Simply pruning the plant every year once winters have ended is a great way of ensuring that this problem never appears. Even if you run into it, removing the dead leaves and branches should be enough to fix it.
- Nutrient Deficiencies
Boxwoods are evergreen shrubs, typically planted in landscapes to provide year-round greenery. However, when your boxwoods start turning yellow, this can signify something is wrong with the plant.
Boxwoods require six essential nutrients: nitrogen (N), phosphorus (P), potassium (K), magnesium (Mg), calcium (Ca), and sulfur (S).
When any of these nutrients are lacking, it can cause yellowing leaves. Deficiencies in nitrogen and phosphorus are often to blame for yellowing on boxwoods, as these elements are important for healthy leaf growth.
- Pests and Disease
Boxwood blight infects boxwoods, causing yellowing leaves. This type of infection develops slowly, so it’s important to inspect your boxwoods regularly for signs of pests and disease.
Early detection is key for preventing and treating boxwood blight.
- Poor Irrigation
Overwatering or irregular watering can cause yellowing leaves in boxwoods. If your boxwoods are turning yellow, ensure that you regularly provide adequate water.
Also, ensure to avoid over-fertilizing your boxwoods, as this can cause them to become stressed and vulnerable to disease.
- Poor Soil Conditions
If your boxwood’s leaves turn yellow, it could indicate that the soil is unsuitable. Boxwoods need well-drained, acidic soil with a pH between 6.0 and 7.5.
If your soil is too alkaline or has poor drainage, this can cause yellowing leaves in your boxwood. To improve the health of your boxwood, you can add organic materials such as compost and manure to the soil.
- Inadequate Sunlight
Boxwoods need at least four hours of sunlight daily to remain healthy. If your boxwood is not receiving enough sunlight, it could be causing its leaves to turn yellow.
Try moving your boxwood to a sunnier spot or supplementing with artificial lighting.
- Temperature Extremes
Boxwoods are sensitive to extreme temperatures, both hot and cold. If your boxwood is exposed to temperatures outside its ideal range, it could cause the leaves to turn yellow.
Ensure your boxwood has adequate protection from extreme temperatures throughout the year.
- Fungal Growth
Although boxwoods are generally hardy shrubs, they are vulnerable to fungal growth that can turn the leaves yellow.

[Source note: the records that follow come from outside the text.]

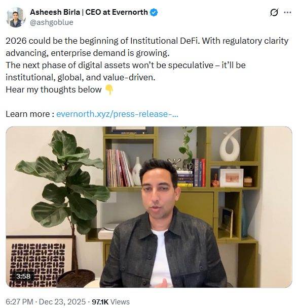 XRP数字资产国库公司Evernorth首席执行官Asheesh Birla在近期一篇推文中预测,2026年将迎来机构级DeFi应用的大幅增长。“2026或将成为机构DeFi的元年,”Birla如是说。这一判断基于监管框架日益明晰以及企业对加密市场需求持续攀升的背景。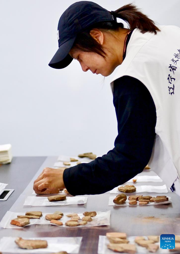 A staff member sorts pottery fragments at a work station of the Niuheliang relic site in Chaoyang City, northeast China's Liaoning Province, Oct. 23, 2025. (Xinhua/Li Gang)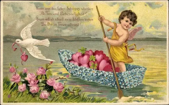 Präge Ak Engel im Ruderboot, Blumen, Taube, Rosen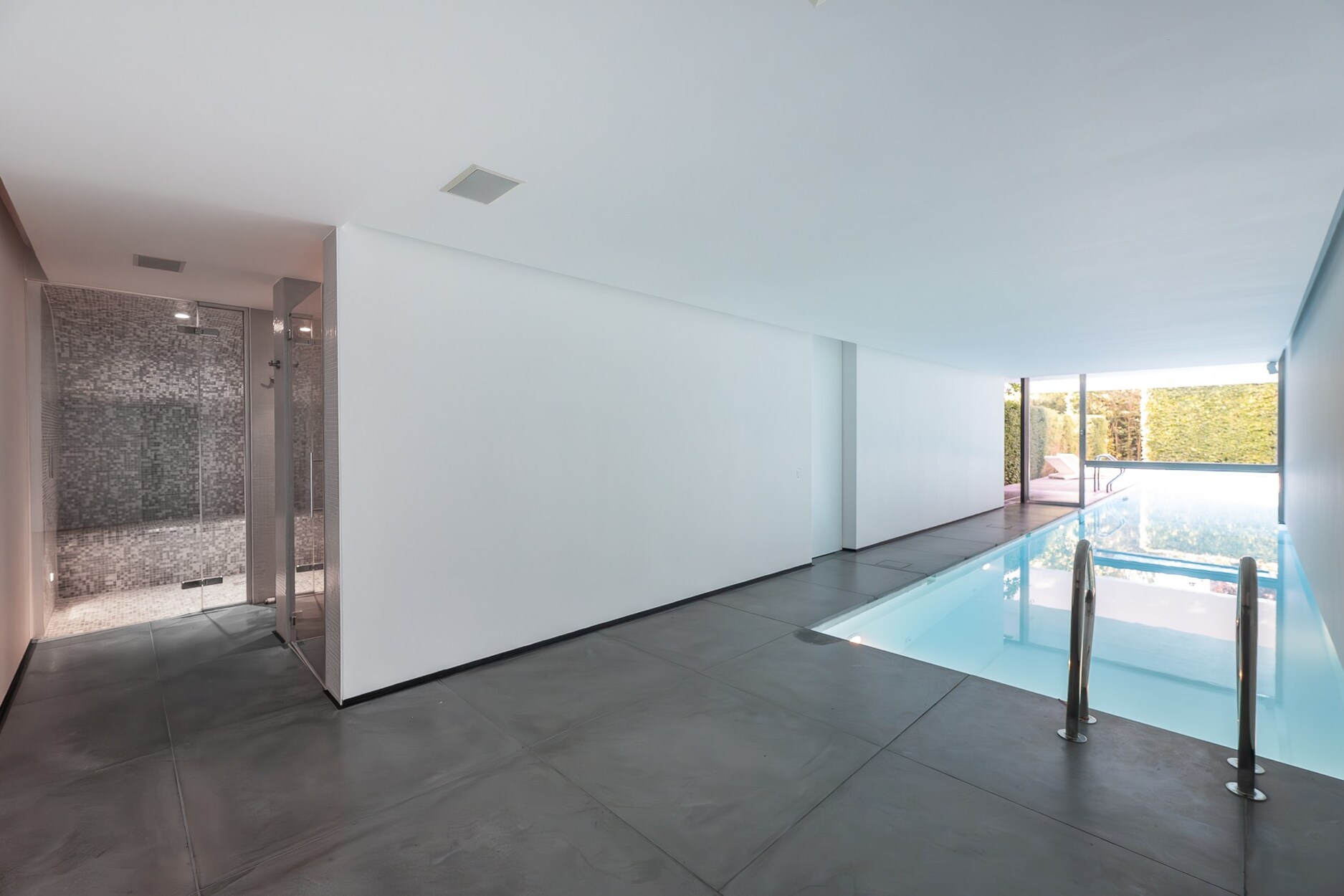 Het wellnessgedeelte omvat een binnen- en buitenzwembad, hammam, poolhouse en kleedruimte. Technische uitrusting: gepolierde betonvloeren, volledige domotica, audiovisuele installaties, elektrische rolluiken, 34 zonnepanelen, vloerverwarming, airconditioning, regenwaterput en Buderus condensatieketel. Een garage voor vier wagens, buitenparking en aangelegde tuin vervolledigen het geheel.

Fungal diseases such as volutella blight or phytophthora root rot can cause foliage to become yellowed with small black spots. Additional signs of a fungal infection may include stunted growth, thinning foliage, and branches drooping.
To prevent fungal growth, ensure proper planting and care of boxwoods. Planting in soil that is well-draining and does not remain overly wet can help to reduce the risk of fungal infection.
How to prevent Boxwoods from turning yellow?
Many people enjoy the lush and vibrant green foliage of boxwoods in their gardens. Unfortunately, this may sometimes be disrupted by the yellowing or discoloration of some or all of the leaves.
To prevent this, it is important to consider a few factors that can cause boxwoods to turn yellow.
Soil pH Balance: The soil pH level of the area in which your boxwood is planted plays an important role in whether or not its leaves will turn yellow. Boxwoods prefer slightly acidic soil, with a pH range between 6 and 7.
Soil testing kits are available at garden stores and online, so you can check the pH balance of your soil and make any necessary adjustments.
Fertilizer: Using the wrong fertilizer can also cause boxwoods to turn yellow. Generally, slow-release fertilizer is best for boxwoods, as it will provide them with steady and balanced nutrition throughout their growing season.
Water: Boxwoods need a consistent moisture supply to thrive, but overwatering can lead to yellow discoloration in their leaves.
It is important to check your soil regularly and provide adequate water only when needed. Mulching around the base of your boxwood will help.
With these tips, you’ll be able to prevent your boxwoods from turning yellow. Remember, it is also important to keep an eye on the affected plants so that you can take prompt action if a problem arises.
With some extra care and attention, you should be able to maintain the lush green foliage of your boxwoods for years to come!